I trained CryoDRGN-AI on a public dataset but found the estimated std of image is inf, so it causes segment fault. How can i fix this problem. Below is the log file:
2025-07-29 01:39:14.015955: I tensorflow/core/platform/cpu_feature_guard.cc:193] This TensorFlow binary is optimized with oneAPI Deep Neural Network Library (oneDNN) to use the following CPU instructions in performance-critical operations: AVX2 AVX512F AVX512_VNNI FMA
To enable them in other operations, rebuild TensorFlow with the appropriate compiler flags.
(WARNING) (reconstruct.py) (29-Jul-25 01:40:51) Output directory out/ already exists here! Renaming the old one to old-out_000_abinit-het8.
(INFO) (reconstruct.py) (29-Jul-25 01:40:51) Using 4 GPUs!
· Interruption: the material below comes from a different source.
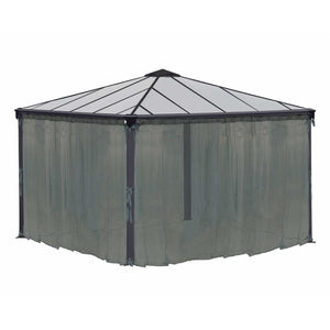 Palram Garden Gazebo Netting Set is aesthetically appealing and functional; it gives you the privacy you look for and cherish. The lightweight polyester comes with hooks that slide into the clips at the track line of your Dallas Gazebo. This Curtain Set was specifically designed to ensure compatibility with the Dallas Garden Gazebo. One package includes a set of four curtains to cover your entire Dallas Gazebo; Easy to install and easy to use. Includes zipper to connect the screens together and ties to pull the screens to the corner posts. Made of strong polyester, waterproof and lightweight Panels zip together for total privacy or un-zip to let just the right amount of light/privacy Colour: Grey All hardware included Easy to install instruction manual Includes top, middle & bottom corner post tie backs to keep curtains open UV resistant Machine wash cold. No chlorine bleach. Line dryDelivery:

(INFO) (reconstruct.py) (29-Jul-25 01:40:51) Increasing batch size for known poses to 64
(INFO) (reconstruct.py) (29-Jul-25 01:40:51) Increasing batch size for HPS to 32
(INFO) (reconstruct.py) (29-Jul-25 01:40:51) Increasing batch size for SGD to 128
(INFO) (reconstruct.py) (29-Jul-25 01:40:51) Use cuda True
(INFO) (reconstruct.py) (29-Jul-25 01:40:51) Will write tensorboard summaries in /lustre/grp/gyqlab/zhangcw/drgnai/10177/out/summaries
(INFO) (reconstruct.py) (29-Jul-25 01:40:51) Creating dataset
(INFO) (dataset.py) (29-Jul-25 01:41:21) Loaded 61929 384x384 images
(INFO) (dataset.py) (29-Jul-25 01:41:21) Windowing images with radius 0.85
(INFO) (dataset.py) (29-Jul-25 01:41:23) Computing FFT
(INFO) (dataset.py) (29-Jul-25 01:41:23) Spawning 16 processes
(INFO) (dataset.py) (29-Jul-25 01:48:52) Symmetrizing image data
/lustre/grp/gyqlab/zhangcw/miniconda3/envs/drgnai/lib/python3.9/site-packages/numpy/core/_methods.py:176: RuntimeWarning: overflow encountered in multiply
x = um.multiply(x, x, out=x)
(INFO) (dataset.py) (29-Jul-25 01:49:33) Normalized HT by 0 +/- inf
(INFO) (dataset.py) (29-Jul-25 01:50:15) Normalized real space images by 1.0225237765928034e+25 +/- inf
(INFO) (reconstruct.py) (29-Jul-25 01:50:24) Loading ctf params from /lustre/grp/gyqlab/share/cryoem_particles/10177/data/dataset_trimer_61929_ptcls/ctf.pkl
(INFO) (ctf.py) (29-Jul-25 01:50:24) Image size (pix) : 384
(INFO) (ctf.py) (29-Jul-25 01:50:24) A/pix : 1.0670000314712524
(INFO) (ctf.py) (29-Jul-25 01:50:24) DefocusU (A) : 21713.8671875
(INFO) (ctf.py) (29-Jul-25 01:50:24) DefocusV (A) : 21426.921875
(INFO) (ctf.py) (29-Jul-25 01:50:24) Dfang (deg) : 34.44029998779297
(INFO) (ctf.py) (29-Jul-25 01:50:24) voltage (kV) : 300.0
(INFO) (ctf.py) (29-Jul-25 01:50:24) cs (mm) : 2.5999999046325684
(INFO) (ctf.py) (29-Jul-25 01:50:24) w : 0.10000000149011612
(INFO) (ctf.py) (29-Jul-25 01:50:24) Phase shift (deg) : 0.0
(INFO) (reconstruct.py) (29-Jul-25 01:50:26) Building lattice
(INFO) (reconstruct.py) (29-Jul-25 01:50:28) Heterogeneous reconstruction with z_dim = 8
(INFO) (reconstruct.py) (29-Jul-25 01:50:28) Initializing model...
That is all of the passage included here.